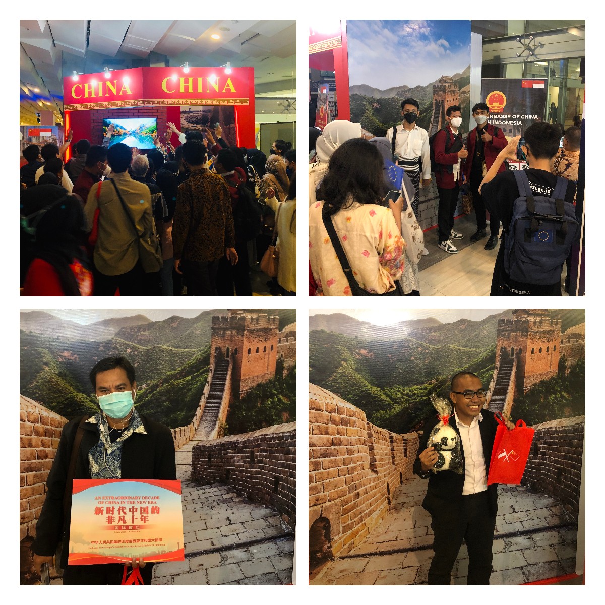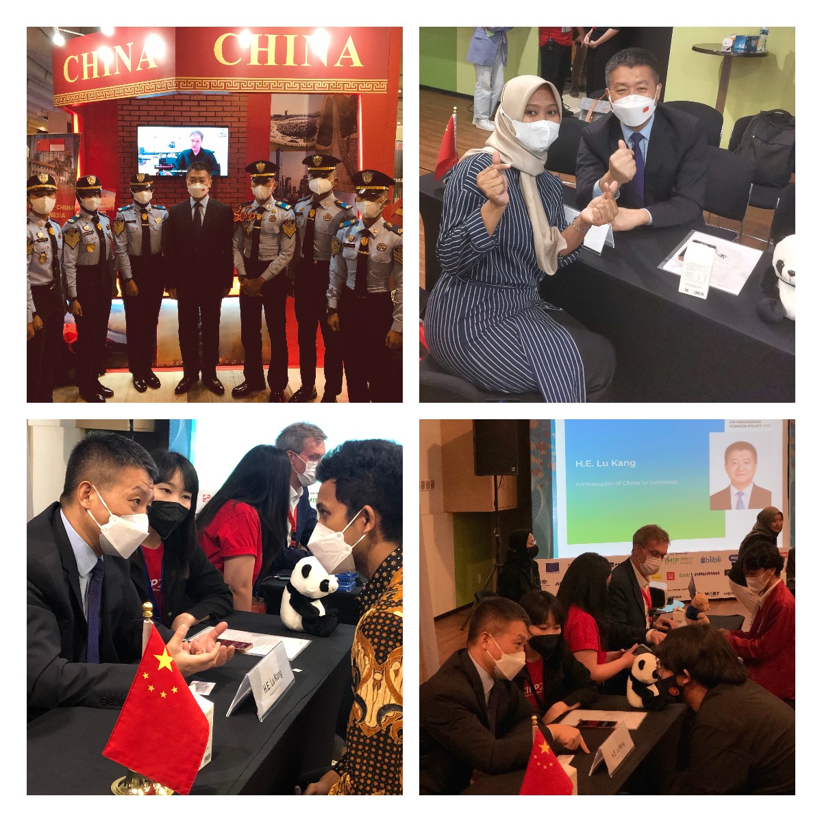 驻印尼使馆在大会现场搭设富有中国特色的展台,播放关于中国发展成就和中印尼友好合作成果的宣传片,向与会者赠送《新时代中国的非凡十年》画册等纪念品,吸引大批与会嘉宾驻足参观。
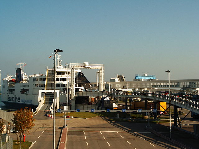 De haven van het Puttgarden waar de treinen op de boot naar het Deense Rodby gaan.
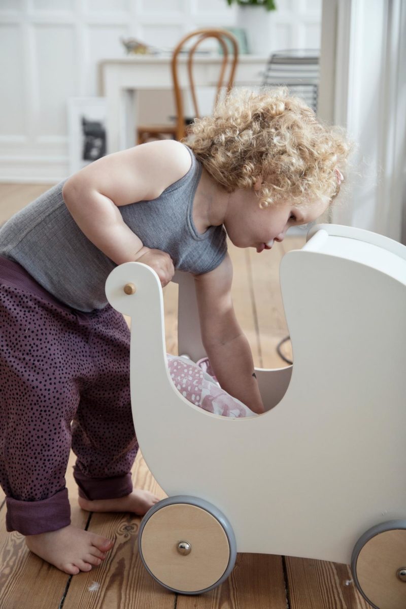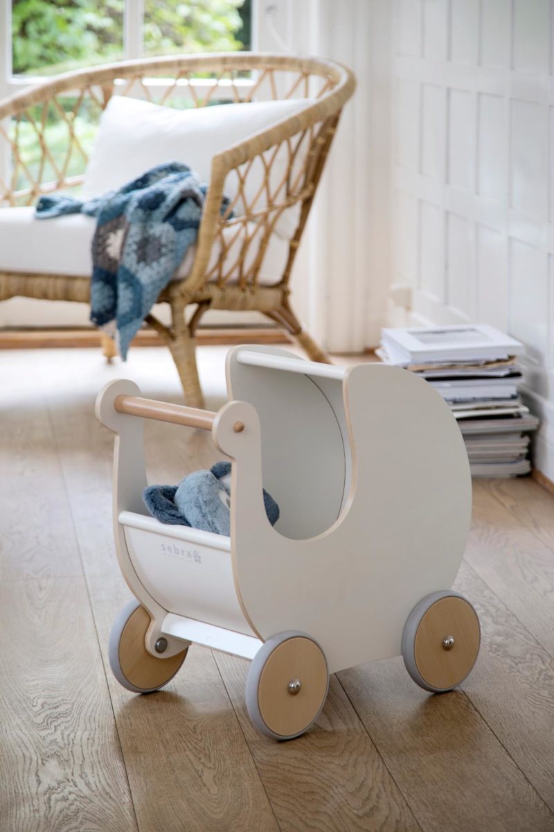 Der Sebra Puppenwagen verfügt über abgerundete Ecken und einen hübschen kleinen Naturholzgriff, den das Kind umfassen kann. Der Puppenwagen ist mit vier Holzrädern mit Gummikanten ausgestattet, dank denen er geräuscharm ist, wenn er über den Boden gefahren wird.
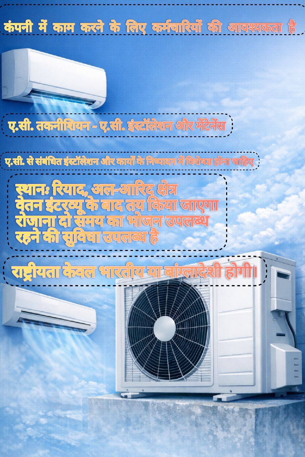 AC Technician Required Experience in installation and maintenance of air conditioning systems Must have a valid driving license Nationality Indian or Bangladeshi only Accommodation provided Daily meal provided Salary after interview
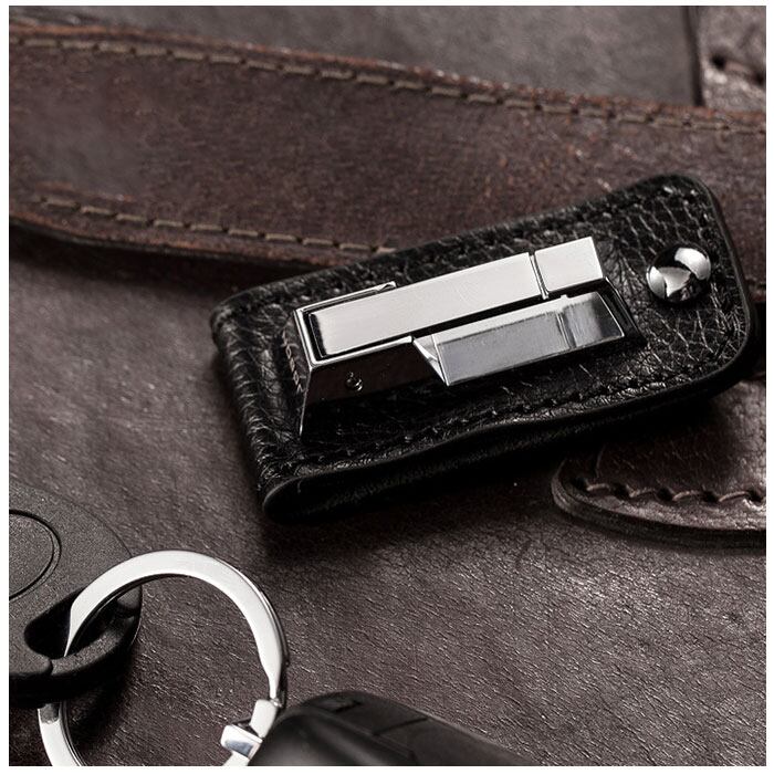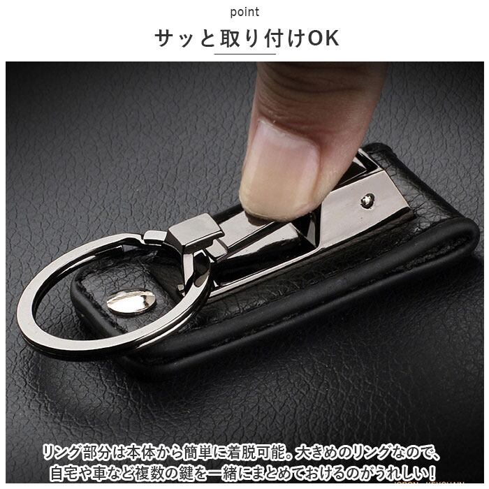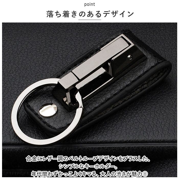 ・合金にレザー調のベルトループデザインをプラスした、シンプルなキーホルダー。年代問わずかっこよくキマる、大人の渋さが魅力◎

--*--

Leave out the pictures, then reproduce exactly the run of lines from the one that contains "De haven van" to the final line of the listing above.

 De haven van het Puttgarden waar de treinen op de boot naar het Deense Rodby gaan.
 Der Sebra Puppenwagen verfügt über abgerundete Ecken und einen hübschen kleinen Naturholzgriff, den das Kind umfassen kann. Der Puppenwagen ist mit vier Holzrädern mit Gummikanten ausgestattet, dank denen er geräuscharm ist, wenn er über den Boden gefahren wird.
 AC Technician Required Experience in installation and maintenance of air conditioning systems Must have a valid driving license Nationality Indian or Bangladeshi only Accommodation provided Daily meal provided Salary after interview
 ・合金にレザー調のベルトループデザインをプラスした、シンプルなキーホルダー。年代問わずかっこよくキマる、大人の渋さが魅力◎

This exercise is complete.